From the line holding "My OC Pony Puffy Fluff | DeviantART: My" through the line holding "次生演替系列secondar" below, write out every line exactly; include both of those lines and drop the pictures.

┏━━

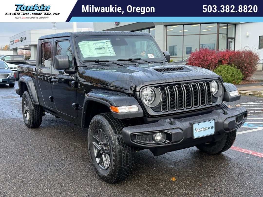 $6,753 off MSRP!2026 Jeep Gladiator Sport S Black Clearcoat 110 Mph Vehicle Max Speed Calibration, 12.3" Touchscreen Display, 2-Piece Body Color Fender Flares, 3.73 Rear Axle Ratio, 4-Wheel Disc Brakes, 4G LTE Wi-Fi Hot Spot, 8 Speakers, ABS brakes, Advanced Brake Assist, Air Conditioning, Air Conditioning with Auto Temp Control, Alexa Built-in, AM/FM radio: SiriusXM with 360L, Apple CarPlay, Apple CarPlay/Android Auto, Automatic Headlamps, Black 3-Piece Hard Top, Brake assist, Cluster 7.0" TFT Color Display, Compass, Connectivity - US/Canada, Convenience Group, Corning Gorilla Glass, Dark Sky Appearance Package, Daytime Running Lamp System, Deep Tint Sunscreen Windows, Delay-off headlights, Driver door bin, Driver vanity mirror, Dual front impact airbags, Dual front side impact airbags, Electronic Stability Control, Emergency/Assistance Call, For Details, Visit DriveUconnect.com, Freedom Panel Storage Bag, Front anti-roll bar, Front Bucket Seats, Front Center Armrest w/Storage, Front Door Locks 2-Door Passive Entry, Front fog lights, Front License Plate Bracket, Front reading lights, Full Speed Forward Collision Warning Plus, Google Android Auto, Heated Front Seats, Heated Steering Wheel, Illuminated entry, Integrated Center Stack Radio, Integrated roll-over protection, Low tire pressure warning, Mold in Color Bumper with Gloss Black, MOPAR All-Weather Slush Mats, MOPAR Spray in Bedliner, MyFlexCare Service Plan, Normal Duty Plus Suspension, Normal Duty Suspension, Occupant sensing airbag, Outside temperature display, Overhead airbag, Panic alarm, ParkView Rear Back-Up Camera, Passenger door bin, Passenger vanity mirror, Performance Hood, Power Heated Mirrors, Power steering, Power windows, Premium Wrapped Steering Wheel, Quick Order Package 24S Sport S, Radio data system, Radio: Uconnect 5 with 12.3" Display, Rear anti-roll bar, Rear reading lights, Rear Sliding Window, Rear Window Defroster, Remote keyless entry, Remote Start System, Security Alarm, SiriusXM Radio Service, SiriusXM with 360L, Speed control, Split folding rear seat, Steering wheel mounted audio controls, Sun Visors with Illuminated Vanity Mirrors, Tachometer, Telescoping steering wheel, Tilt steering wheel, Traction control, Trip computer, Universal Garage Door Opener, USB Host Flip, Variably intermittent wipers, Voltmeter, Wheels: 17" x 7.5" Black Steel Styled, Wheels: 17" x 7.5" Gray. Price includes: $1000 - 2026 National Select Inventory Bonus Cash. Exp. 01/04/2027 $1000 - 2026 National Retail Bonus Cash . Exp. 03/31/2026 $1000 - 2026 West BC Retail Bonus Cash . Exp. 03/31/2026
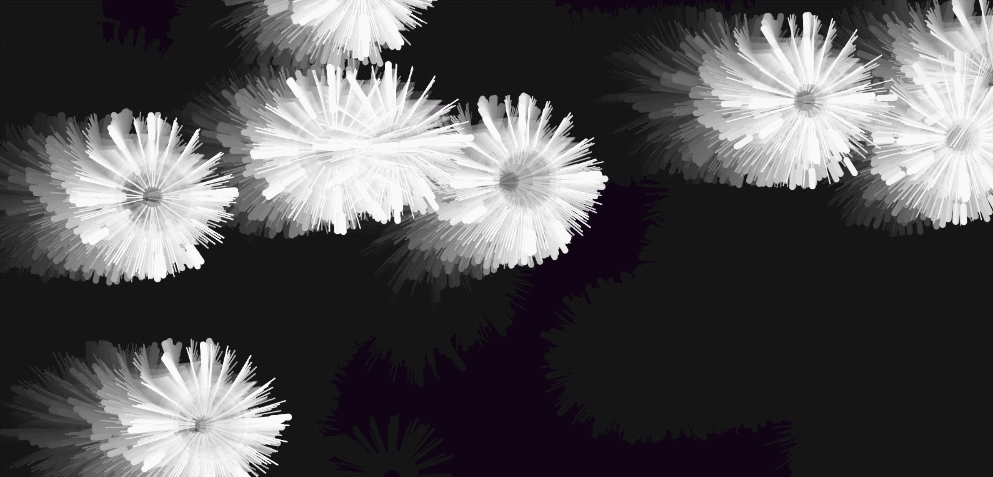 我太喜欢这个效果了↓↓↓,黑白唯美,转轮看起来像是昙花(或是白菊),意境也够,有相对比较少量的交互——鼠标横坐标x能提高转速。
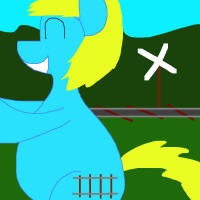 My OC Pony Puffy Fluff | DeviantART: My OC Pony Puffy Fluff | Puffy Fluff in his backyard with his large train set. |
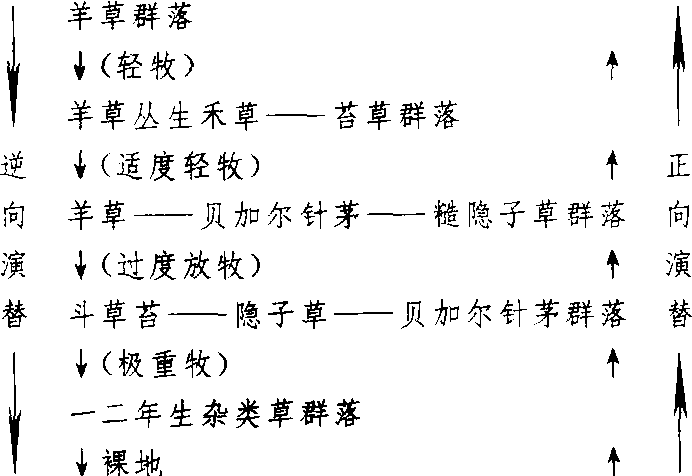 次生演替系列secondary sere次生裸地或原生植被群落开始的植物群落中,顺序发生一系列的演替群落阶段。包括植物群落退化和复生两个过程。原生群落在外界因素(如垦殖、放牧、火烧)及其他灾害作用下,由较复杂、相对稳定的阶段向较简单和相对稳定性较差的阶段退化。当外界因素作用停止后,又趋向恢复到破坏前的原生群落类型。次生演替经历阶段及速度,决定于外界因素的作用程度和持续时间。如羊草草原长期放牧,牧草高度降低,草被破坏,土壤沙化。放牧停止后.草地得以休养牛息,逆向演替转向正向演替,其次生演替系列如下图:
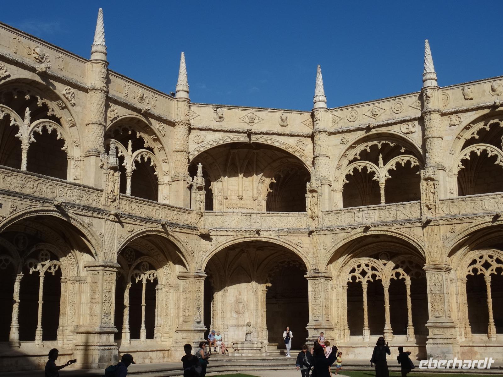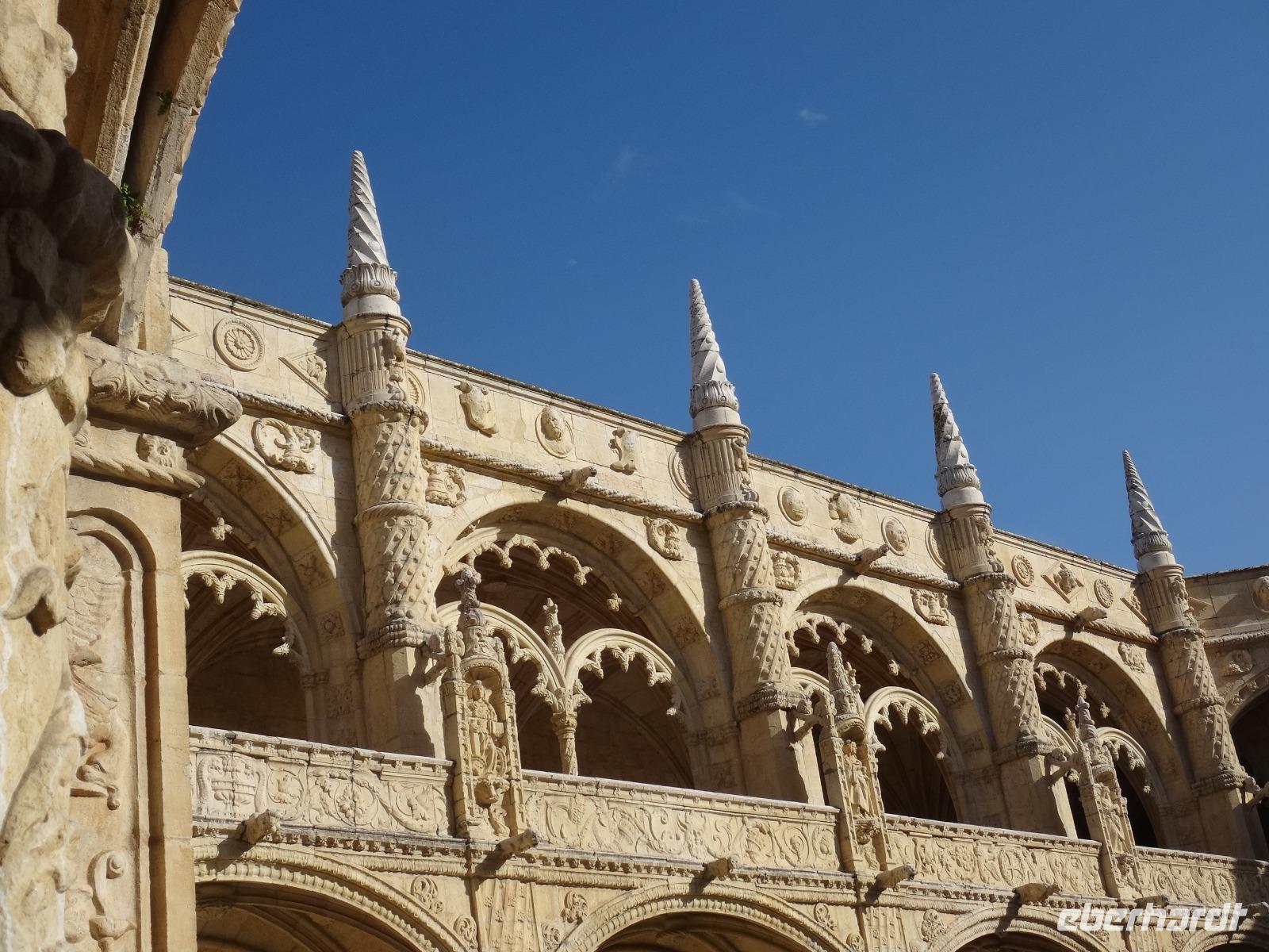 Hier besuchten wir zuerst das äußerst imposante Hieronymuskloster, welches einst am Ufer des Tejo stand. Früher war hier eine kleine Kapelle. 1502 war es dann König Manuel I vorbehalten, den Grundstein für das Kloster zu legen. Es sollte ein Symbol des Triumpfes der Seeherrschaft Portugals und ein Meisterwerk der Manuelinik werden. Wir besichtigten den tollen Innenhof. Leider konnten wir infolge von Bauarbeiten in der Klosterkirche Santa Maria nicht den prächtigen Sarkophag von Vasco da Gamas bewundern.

┗━━

Response area =>
 My OC Pony Puffy Fluff | DeviantART: My OC Pony Puffy Fluff | Puffy Fluff in his backyard with his large train set. |
 次生演替系列secondary sere次生裸地或原生植被群落开始的植物群落中,顺序发生一系列的演替群落阶段。包括植物群落退化和复生两个过程。原生群落在外界因素(如垦殖、放牧、火烧)及其他灾害作用下,由较复杂、相对稳定的阶段向较简单和相对稳定性较差的阶段退化。当外界因素作用停止后,又趋向恢复到破坏前的原生群落类型。次生演替经历阶段及速度,决定于外界因素的作用程度和持续时间。如羊草草原长期放牧,牧草高度降低,草被破坏,土壤沙化。放牧停止后.草地得以休养牛息,逆向演替转向正向演替,其次生演替系列如下图:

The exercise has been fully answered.